*Available data*
[Start of Attachment]

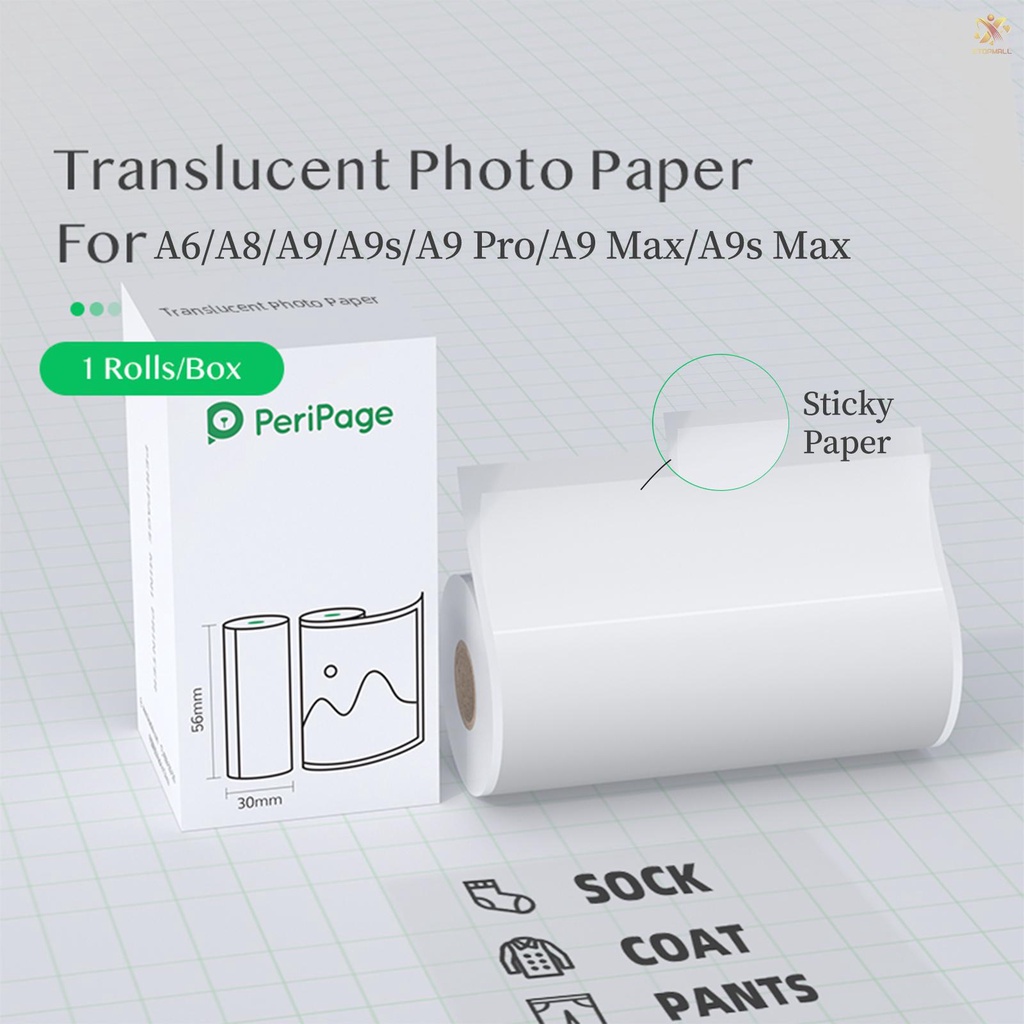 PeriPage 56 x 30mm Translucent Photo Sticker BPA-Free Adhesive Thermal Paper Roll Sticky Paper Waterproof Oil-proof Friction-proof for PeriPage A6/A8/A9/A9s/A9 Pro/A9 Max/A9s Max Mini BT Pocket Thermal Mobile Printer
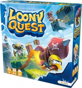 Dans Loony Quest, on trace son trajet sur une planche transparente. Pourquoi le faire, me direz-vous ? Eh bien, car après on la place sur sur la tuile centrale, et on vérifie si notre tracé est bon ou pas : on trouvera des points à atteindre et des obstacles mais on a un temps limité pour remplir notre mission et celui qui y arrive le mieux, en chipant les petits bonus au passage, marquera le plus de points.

[End of Attachment]
[Start of Attachment]

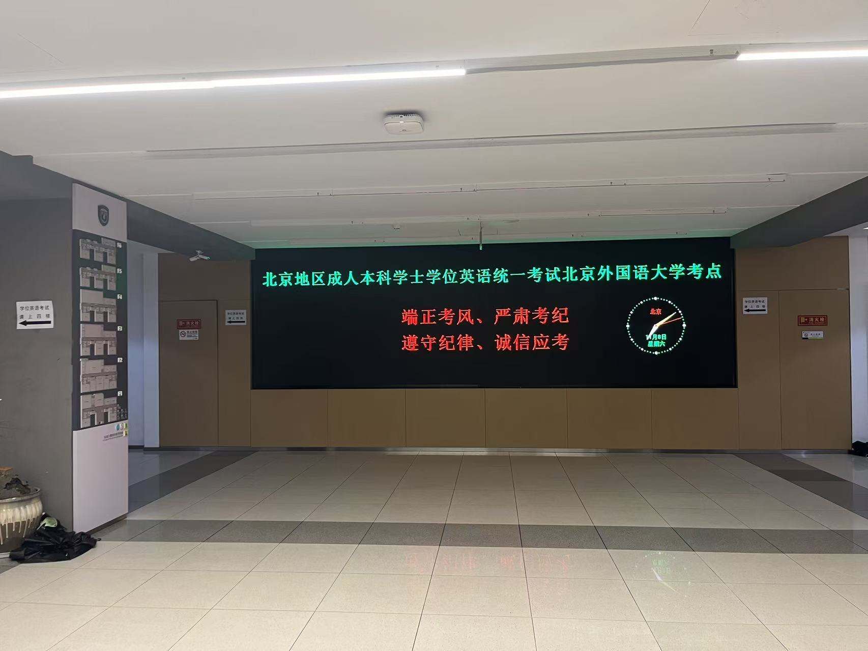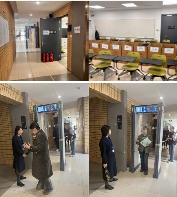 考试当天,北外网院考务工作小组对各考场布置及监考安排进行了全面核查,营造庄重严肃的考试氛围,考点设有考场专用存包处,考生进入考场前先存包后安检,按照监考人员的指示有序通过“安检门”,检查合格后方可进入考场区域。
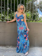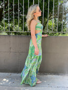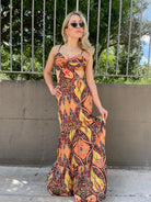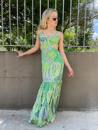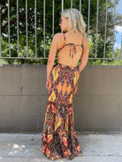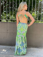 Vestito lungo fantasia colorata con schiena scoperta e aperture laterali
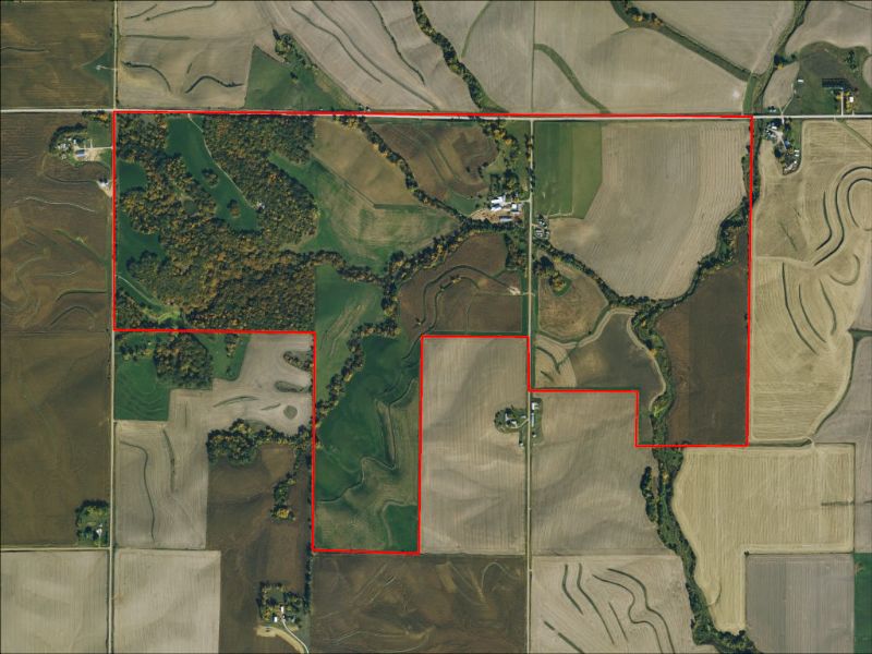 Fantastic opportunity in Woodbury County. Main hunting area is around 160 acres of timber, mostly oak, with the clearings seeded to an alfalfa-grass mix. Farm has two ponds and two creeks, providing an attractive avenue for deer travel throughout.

[End of Attachment]

*Assigned task*
Print nothing except the lines above from the one containing "PeriPage 56 x" down to the one containing "Dans Loony Quest, on", both included, exactly as written and free of pictures.

*Result*
 PeriPage 56 x 30mm Translucent Photo Sticker BPA-Free Adhesive Thermal Paper Roll Sticky Paper Waterproof Oil-proof Friction-proof for PeriPage A6/A8/A9/A9s/A9 Pro/A9 Max/A9s Max Mini BT Pocket Thermal Mobile Printer
 Dans Loony Quest, on trace son trajet sur une planche transparente. Pourquoi le faire, me direz-vous ? Eh bien, car après on la place sur sur la tuile centrale, et on vérifie si notre tracé est bon ou pas : on trouvera des points à atteindre et des obstacles mais on a un temps limité pour remplir notre mission et celui qui y arrive le mieux, en chipant les petits bonus au passage, marquera le plus de points.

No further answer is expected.